A highly experienced former colleague of mine in the UK once said that running a massive project is like a circus acrobat managing “to keep all the plates spinning in the air” without anything coming crashing down.  That is a great metaphor for programme and project management.

To achieve this I need to ensure that all project teams within a programme have a shared vision of where it is all heading. I think of this as Golden Rule number 1: create the vision and constantly propagate and reinforce it with all team members.  A perfect example is that over the last three and a half years, Apis has been leading over 300 people to ensure the successful development and roll out of My Aged Care.  Without a common, shared goal it could easily lead to a variety of different sub-optimal outcomes.  The other rule I live by is to focus on the individuals within the teams themselves to help and motivate them to be the best that they can be.  It’s hugely energising for people and their teams.

You worked for several years in the United Kingdom.  What did you do there and how would you compare that experience with Australia today?

In the UK I worked with large financial services organisations and various UK Government Departments, including for the UK Identity & Passport Service.  I was responsible for establishing a programme for delivering a capability to record biometrics for 7.5 million applicants per year.

My UK experience was invaluable, since both the UK public and private sectors have a strong appreciation of the purpose and application of programme and project management frameworks.  I took part in and witnessed great successes.  I had a strong sense that we were interfacing with clients who were ‘mature’ in a project management sense and that meant high chances of effective results.

I see the Australian corporate and public sectors evolving down that path too.  Organisations such as Apis have a real role in helping to increase our Commonwealth clients’ understanding of programme and project management skills and benefits.  We don’t just run a project in isolation.  We have an ethos of ensuring skills transfer and training for our clients.  We aim to educate, coach and capacity-build the APS staff we engage with.

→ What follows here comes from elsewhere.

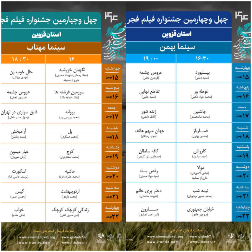 به گزارش خبرنگار پایگاه خبری سینمای خانگی آبیک در استان قزوین ؛ به نقل از روابط عمومی اداره کل فرهنگ و ارشاد اسلامی استان قزوین؛ چهل و چهارمین جشنواره فیلم فجر استان قزوین از ۱۵ بهمنماه کار خود را آغاز میکند و تا ۲۲ بهمن ادامه خواهد داشت. براین اساس، فیلمها در دو سالن سینما مهتاب و سینما بهمن به نمایش درمیآیند.

What does Apis’ do best in your field?

Apis has always worked in partnership with our clients.  Our consultants aim for blended teams with our public servant colleagues.  As we bring our clients along with us on a programme journey we try to ensure that, when Apis leaves, the department is able to manage independently into the future.  Our core offerings will continue to focus on programme and project management, business design, procurement, change management and assurance.  We are great at them and we deliver.